---- SOURCE RECORDS

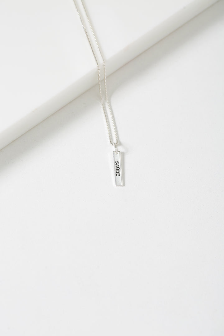 A palavra Saúde simboliza bem-estar, equilíbrio e vitalidade. Este colar Kayro em prata 925 traz um pingente retangular com a inscrição “Saúde”, representando um amuleto de proteção e energia positiva para o dia a dia.
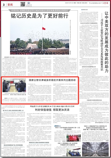 12月14日,《天津日报》报道星空举办“勿忘国耻·吾辈自强”国家公祭日主题升旗仪式。星空XK体育举行“勿忘国耻·吾辈自强”国家公祭日主题升旗仪式,百余名师生代表会聚于学校操场,齐唱国歌、肃立默哀,表达对祖国的无限热爱和对逝者的哀悼之情。
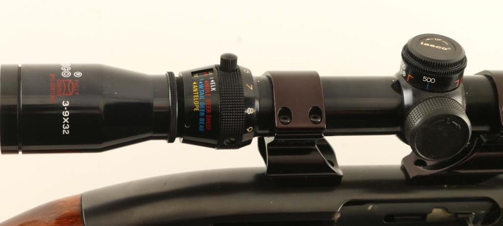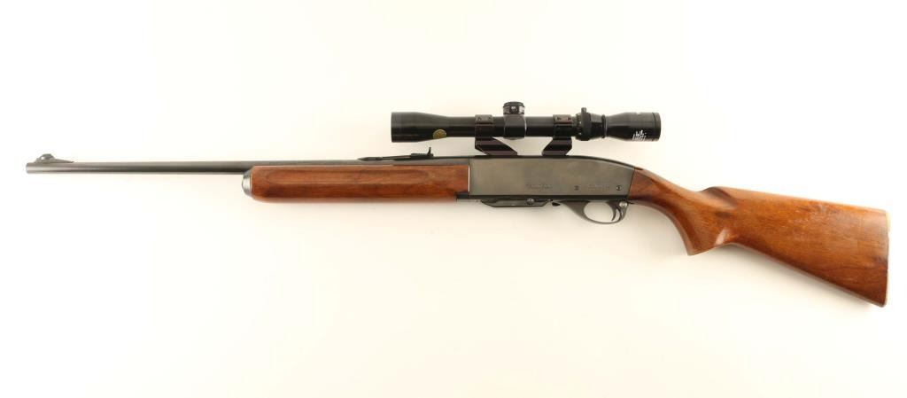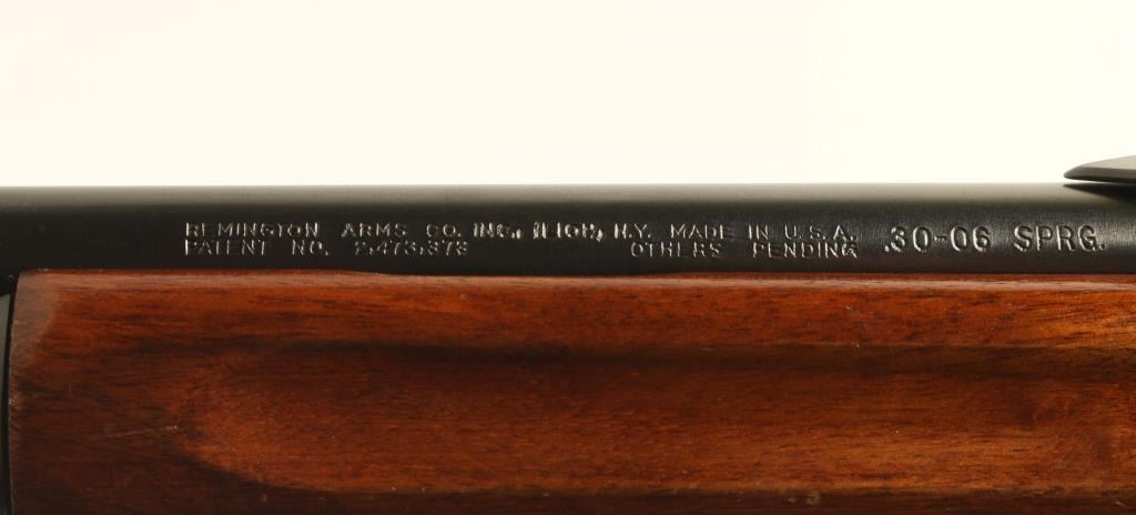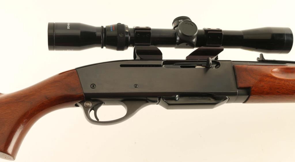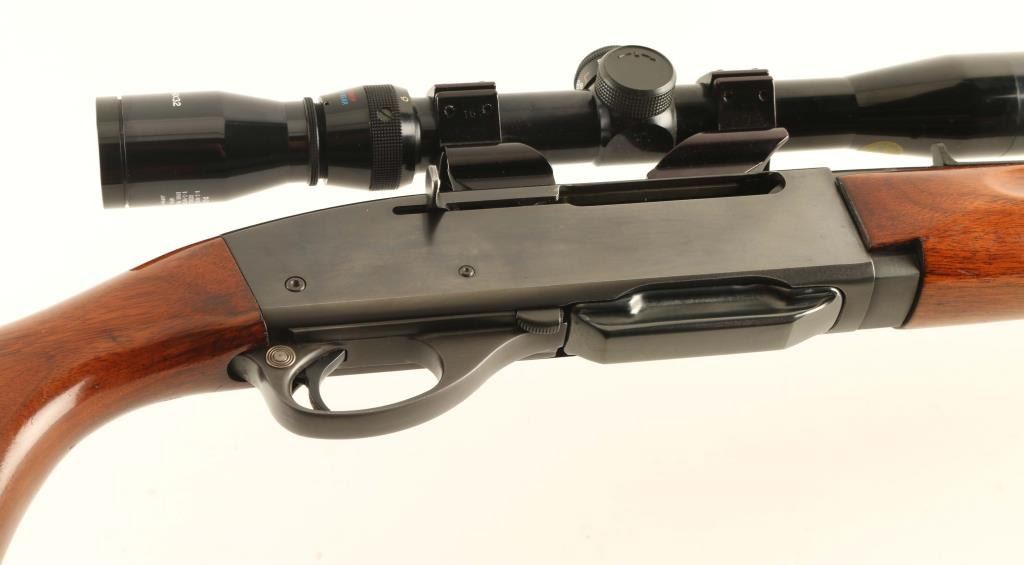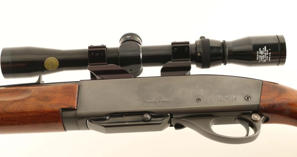 'Woodsmaster' Vintage magazine fed semi-automatic sporting rifle chambered in .30-06 Springfield, manufactured in Ilion, NY circa 1956. Features a blued finish, 22" tapered barrel, ramped blade front sight with bead top, elevation adjustable rear sporting sight, Tasco 3-9x 32mm scope mounted with see-through rings, smooth trigger, alloy trigger guard with cross-bolt safety, detachable 4 round box magazine, smooth walnut forend with gasping grooves and semi-pistol grip shoulder stock with serrated metal buttplate & 13 ½” LOP. Rifle retains approximately 98% of its original blued finish showing wear on the top of the receiver from a previously installed optic mount and a few scattered spots of emerging rust. Action is crisp, the bore is pristine, the optics are slightly hazy and refinished wood stocks are very good with a couple 3/8” cracks in the wrist extending from the right side of the receiver. Condition is near NRA Very Good. ***C&R Firearm***
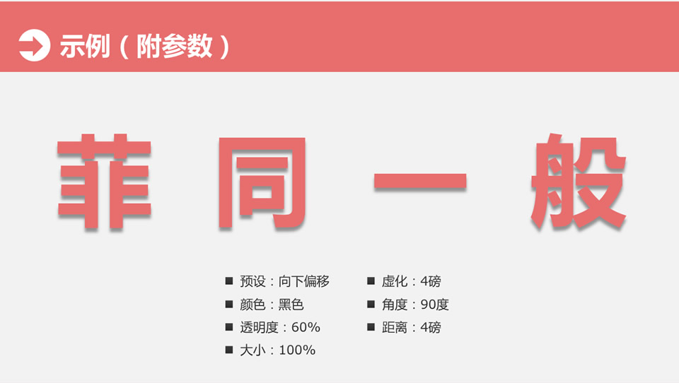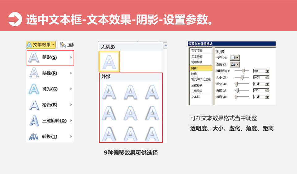 :文字阴影设置之外部阴影,选中文本框——文本效果——阴影——设置参数。
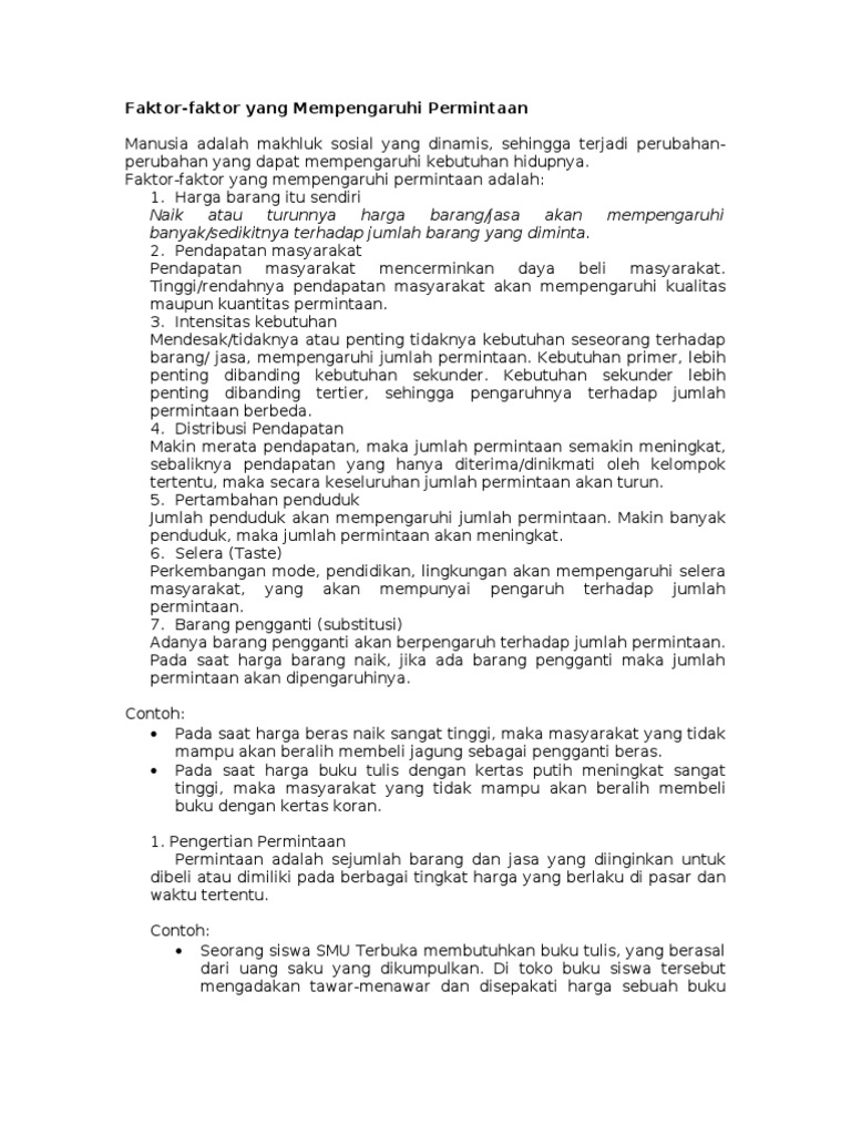 Contoh Faktor Yang Mempengaruhi Permintaan
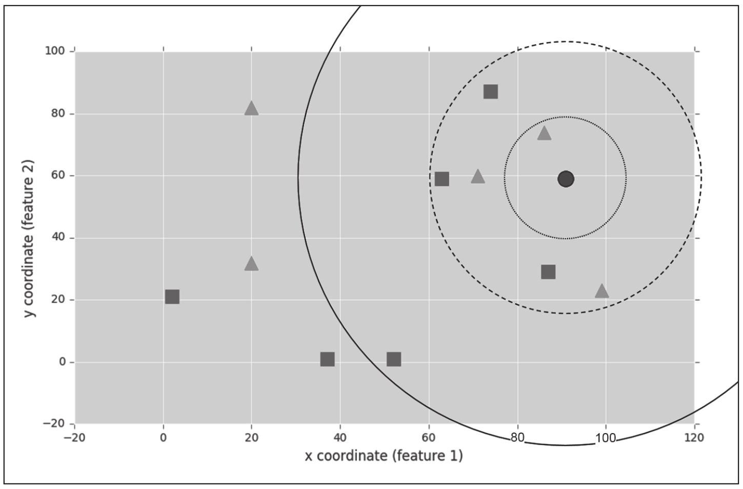 最后,如果我们扩大搜索窗口,根据k=7的最近邻居对新数据点进行分类,结果会怎样呢(图3-6中的实线圆圈)?
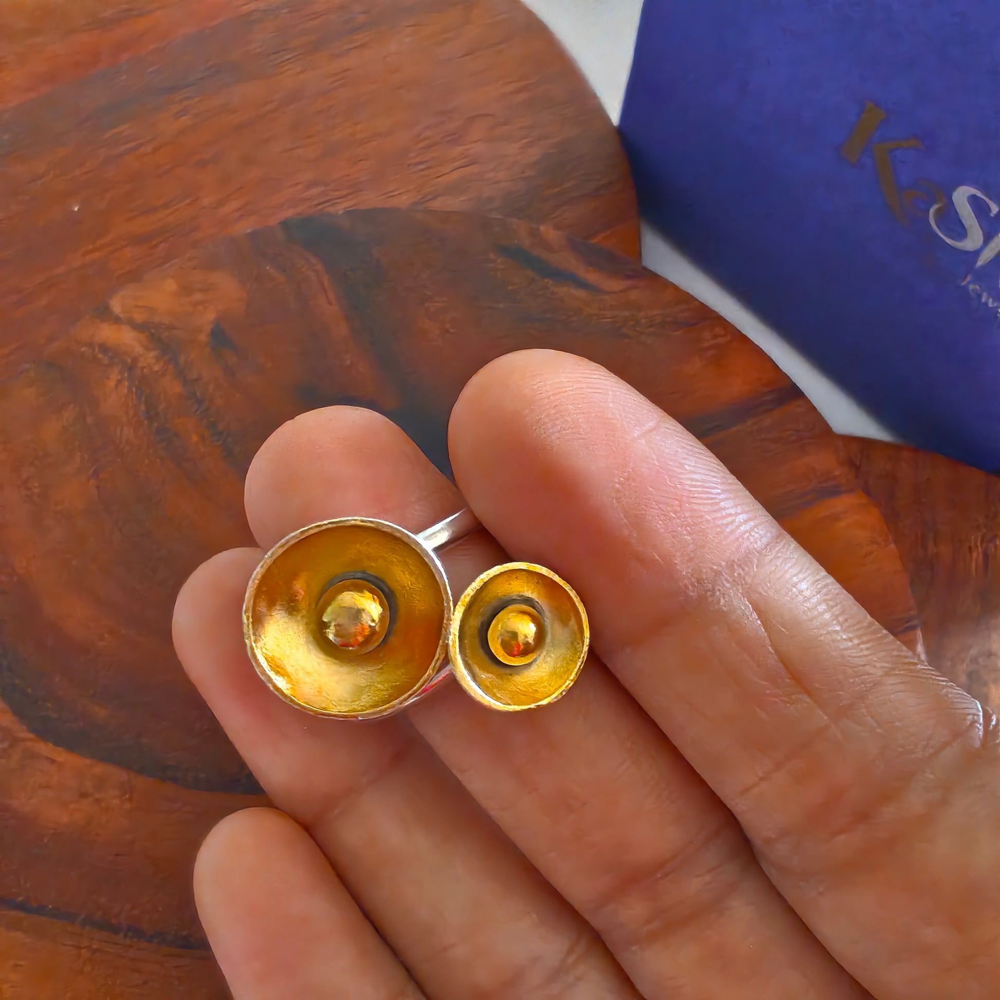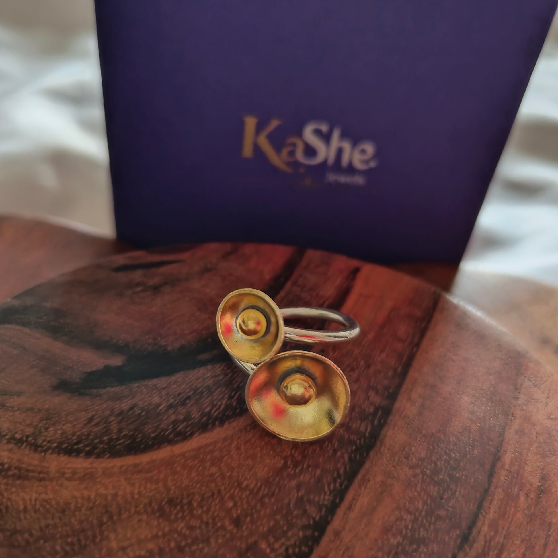 Boho Dual Tone Adjustable Sterling Silver Ring With Dual Buttercup Flowers

--------

-- REQUIRED ACTION --
Each line from the one containing "最后,如果我们扩大搜索窗口,根据k=7的" through the last line of the entries above should be duplicated exactly, both included; leave out pictures and add nothing.

-- REPLY TO THE TASK --
 最后,如果我们扩大搜索窗口,根据k=7的最近邻居对新数据点进行分类,结果会怎样呢(图3-6中的实线圆圈)?
 Boho Dual Tone Adjustable Sterling Silver Ring With Dual Buttercup Flowers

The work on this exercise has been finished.